As the answer, give exactly the lines of the records below from the one with "De pannen uit" through the one with "右に見える外売店にリンゴの生", ends included and pictures left out.

[Material for the task]

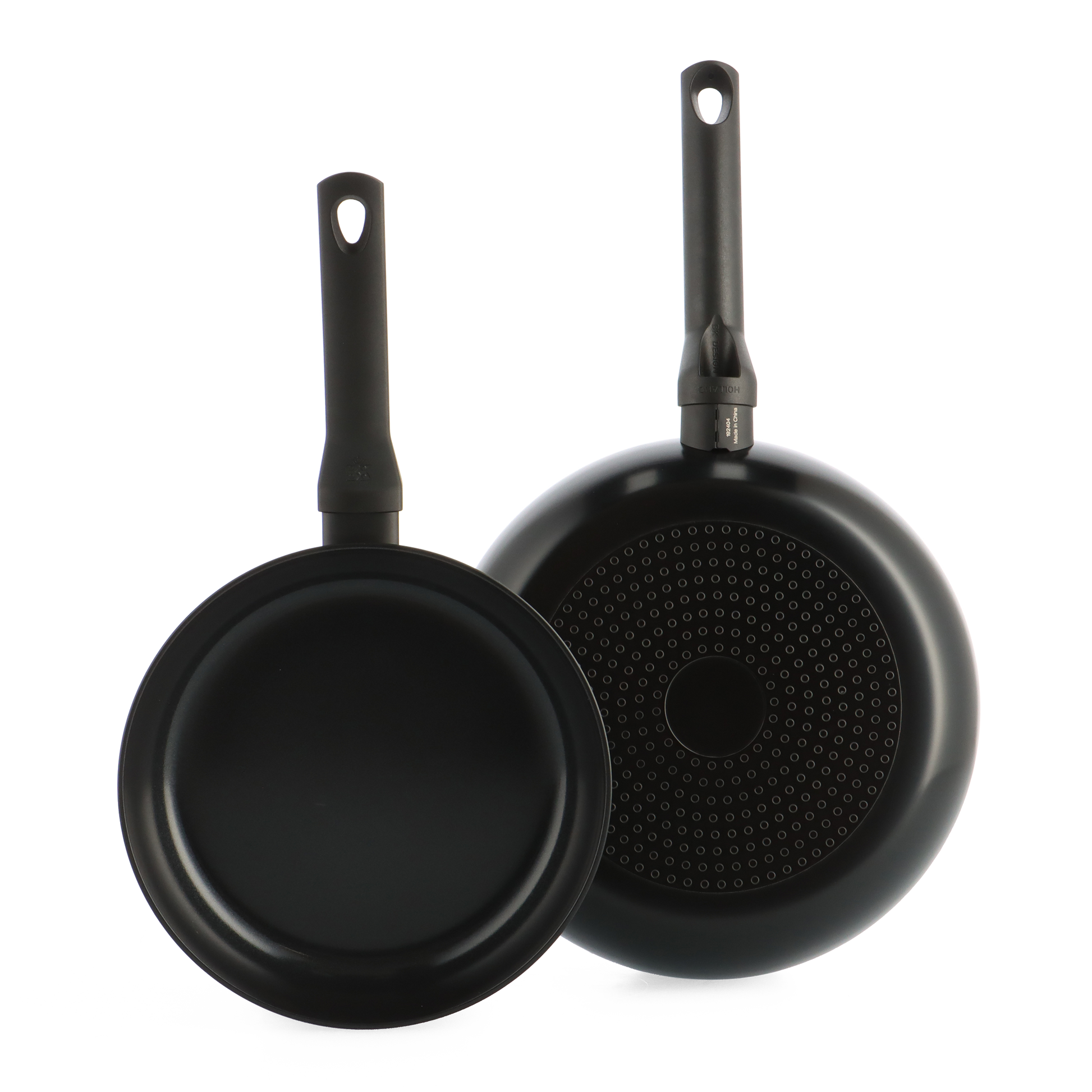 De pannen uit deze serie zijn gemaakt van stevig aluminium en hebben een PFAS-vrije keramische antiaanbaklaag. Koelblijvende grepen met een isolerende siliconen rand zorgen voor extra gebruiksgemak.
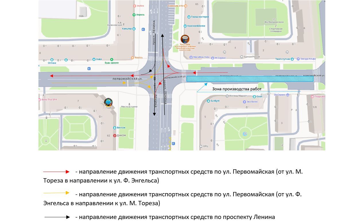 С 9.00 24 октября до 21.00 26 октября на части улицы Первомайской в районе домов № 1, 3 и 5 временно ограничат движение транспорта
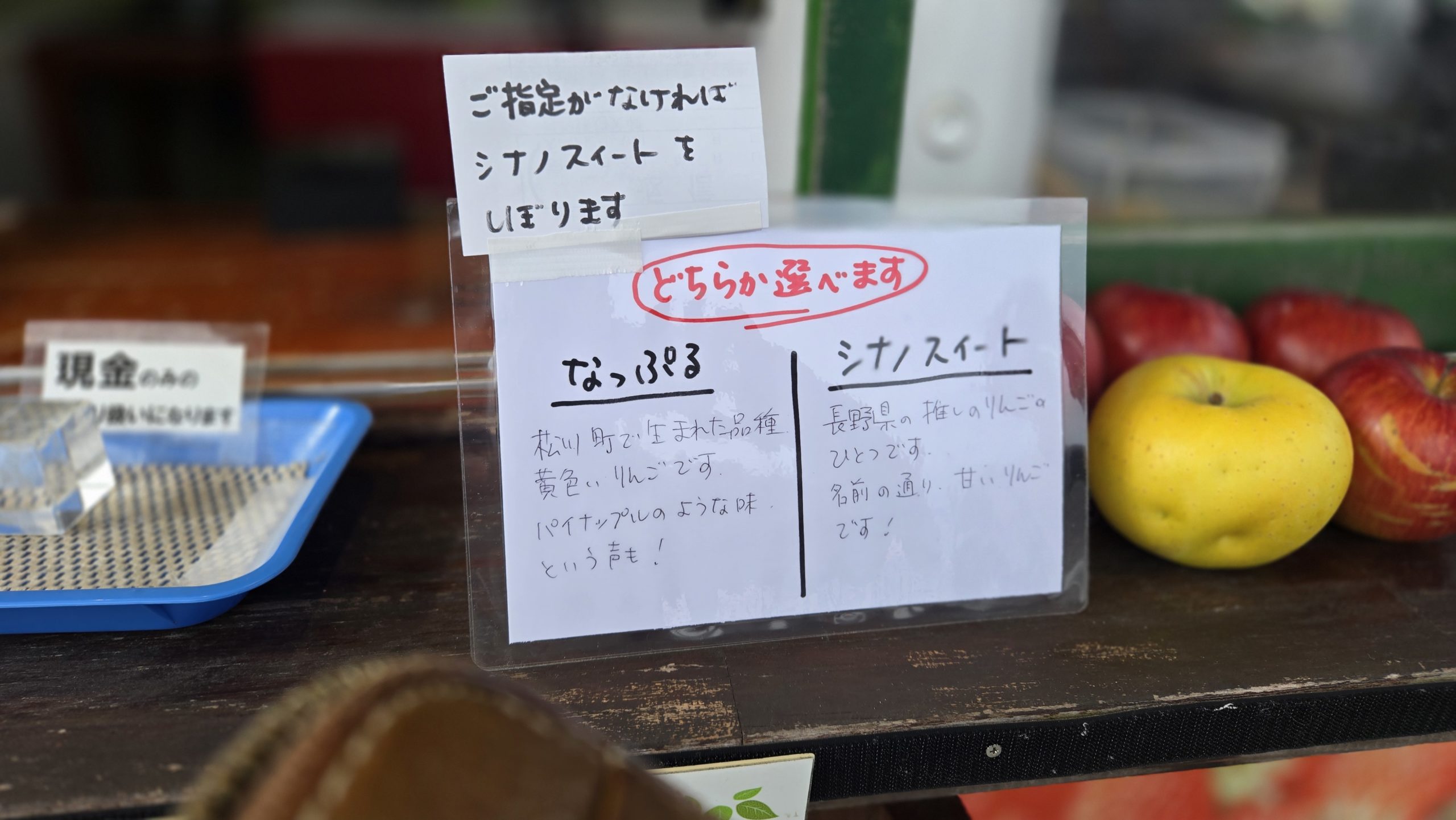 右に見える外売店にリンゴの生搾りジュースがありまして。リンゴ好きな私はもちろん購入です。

[/Material for the task]
[Material for the task]

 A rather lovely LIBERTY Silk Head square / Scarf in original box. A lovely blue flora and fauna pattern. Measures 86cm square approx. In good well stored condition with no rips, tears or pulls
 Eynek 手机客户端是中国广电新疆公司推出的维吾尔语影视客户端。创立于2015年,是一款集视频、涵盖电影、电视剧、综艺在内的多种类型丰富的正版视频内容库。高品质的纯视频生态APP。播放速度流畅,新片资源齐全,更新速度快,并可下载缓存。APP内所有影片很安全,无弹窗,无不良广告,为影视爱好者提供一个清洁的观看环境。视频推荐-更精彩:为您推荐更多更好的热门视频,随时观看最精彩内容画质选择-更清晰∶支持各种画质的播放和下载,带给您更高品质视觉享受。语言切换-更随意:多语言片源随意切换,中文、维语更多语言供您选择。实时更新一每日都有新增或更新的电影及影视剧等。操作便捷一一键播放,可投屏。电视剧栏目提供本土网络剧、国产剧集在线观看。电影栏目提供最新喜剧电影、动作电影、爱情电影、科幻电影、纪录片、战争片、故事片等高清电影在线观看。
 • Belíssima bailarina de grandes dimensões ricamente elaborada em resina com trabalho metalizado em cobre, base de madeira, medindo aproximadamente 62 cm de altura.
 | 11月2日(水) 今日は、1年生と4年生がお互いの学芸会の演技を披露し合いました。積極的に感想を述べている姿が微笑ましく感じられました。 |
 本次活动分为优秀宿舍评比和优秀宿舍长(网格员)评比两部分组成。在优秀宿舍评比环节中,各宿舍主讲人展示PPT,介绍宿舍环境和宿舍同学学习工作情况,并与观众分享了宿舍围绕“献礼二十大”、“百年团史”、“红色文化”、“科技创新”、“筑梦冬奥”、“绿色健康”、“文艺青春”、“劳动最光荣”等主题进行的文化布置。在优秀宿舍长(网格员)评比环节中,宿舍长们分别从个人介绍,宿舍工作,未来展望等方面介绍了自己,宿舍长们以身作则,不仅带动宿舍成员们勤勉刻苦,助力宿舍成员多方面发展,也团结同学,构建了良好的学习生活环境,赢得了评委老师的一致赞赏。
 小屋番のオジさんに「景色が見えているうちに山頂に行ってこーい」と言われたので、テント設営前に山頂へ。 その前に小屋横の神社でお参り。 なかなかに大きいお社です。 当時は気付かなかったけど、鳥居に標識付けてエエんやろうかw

[/Material for the task]

--- Problem solution ---
 De pannen uit deze serie zijn gemaakt van stevig aluminium en hebben een PFAS-vrije keramische antiaanbaklaag. Koelblijvende grepen met een isolerende siliconen rand zorgen voor extra gebruiksgemak.
 С 9.00 24 октября до 21.00 26 октября на части улицы Первомайской в районе домов № 1, 3 и 5 временно ограничат движение транспорта
 右に見える外売店にリンゴの生搾りジュースがありまして。リンゴ好きな私はもちろん購入です。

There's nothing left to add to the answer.